En un paso clave para el bienestar de los trabajadores mexicanos, el Senado de la República aprobó por unanimidad este 11 de febrero de 2026 la reforma constitucional que reduce la jornada laboral máxima de 48 a 40 horas semanales. Con 121 votos a favor y ninguno en contra, el Pleno avaló el dictamen en lo general y en lo particular, impulsado por la presidenta Claudia Sheinbaum.
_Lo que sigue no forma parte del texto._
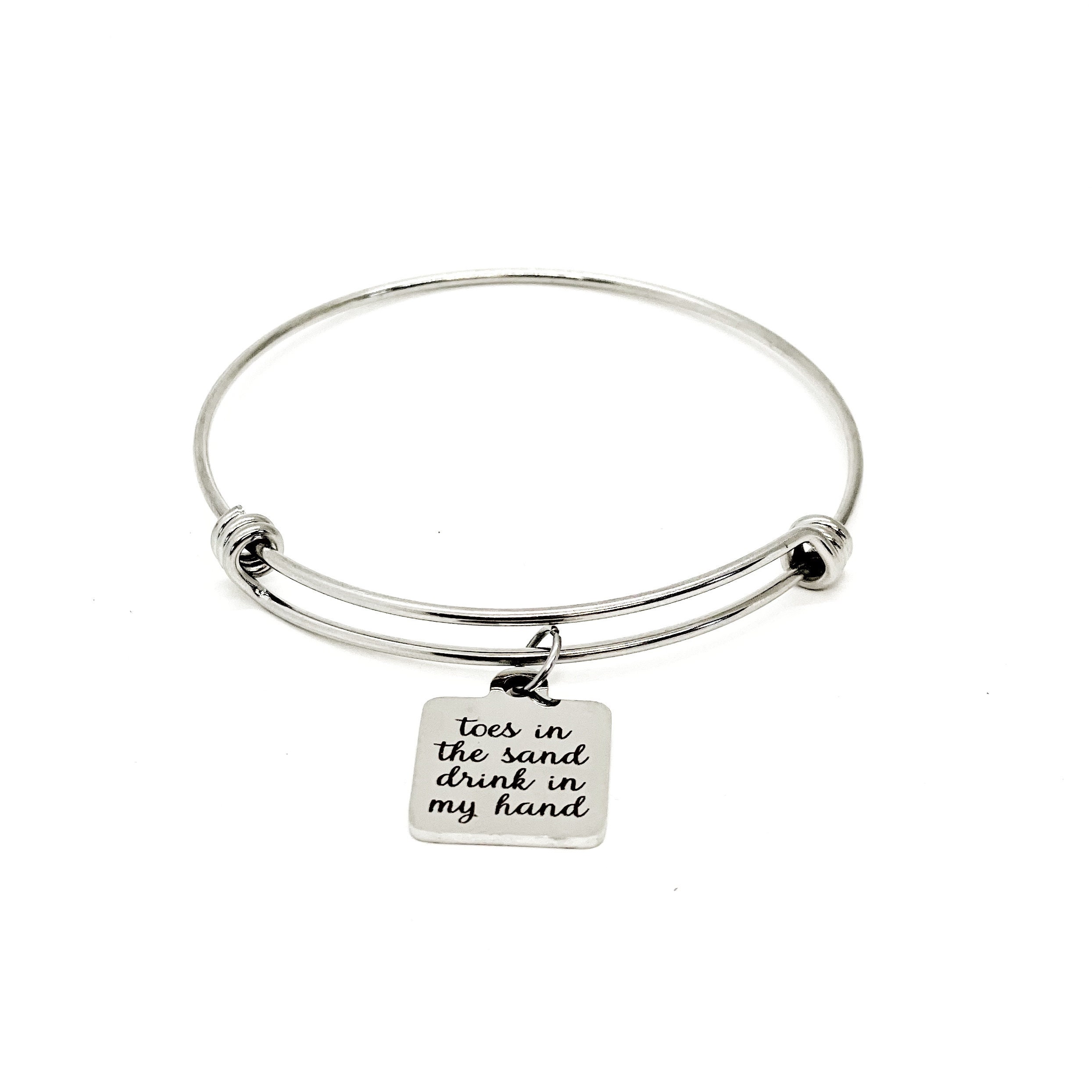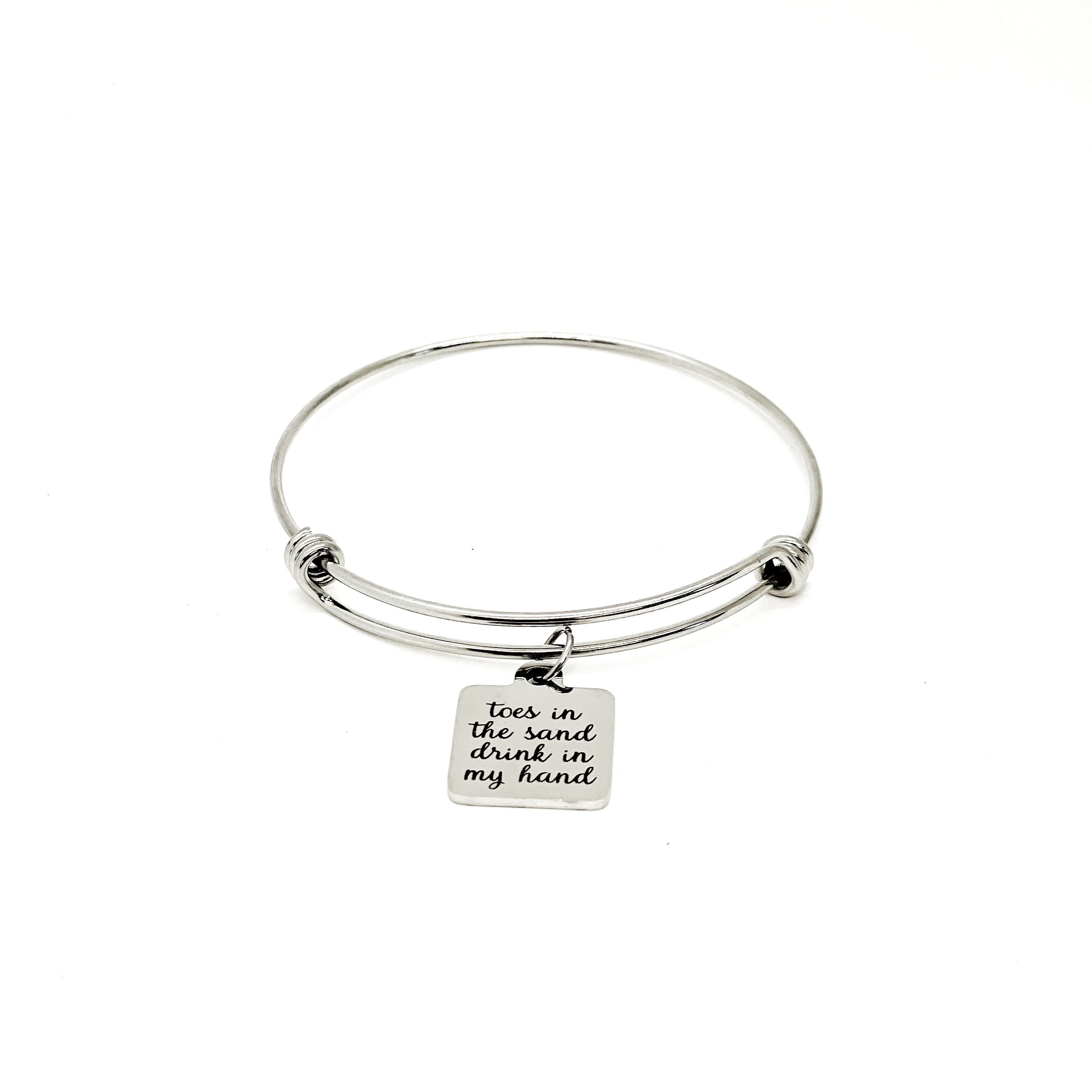 This is a beautiful beach trip gift bangle bracelet with a laser engraved stainless steel charm that has "Toes in the sand drink in my hand" on it.

La medida busca mejorar la calidad de vida de más de 13.5 millones de personas, priorizando la salud y el equilibrio entre trabajo y descanso, según fuentes oficiales. La iniciativa modifica el Artículo 123 de la Constitución, ampliando también las horas extras permitidas a 12 por semana.
Sin embargo, la reforma se implementará de manera gradual para minimizar impactos en la productividad y el empleo: se mantiene en 48 horas durante 2026, baja a 46 en 2027, 44 en 2028, 42 en 2029 y llega a 40 en 2030. La oposición, integrada por PAN, PRI y MC, criticó que el dictamen no incluya explícitamente dos días de descanso obligatorios por semana, argumentando que beneficia más a los empresarios que a los trabajadores.
Este avance representa un logro tras años de debate y mesas de diálogo con sindicatos y el sector privado. Ahora, la minuta pasa a la Cámara de Diputados para su revisión final. Analistas coinciden en que, aunque «light» para algunos, la reforma posiciona a México más cerca de estándares internacionales, fomentando un modelo laboral más humano.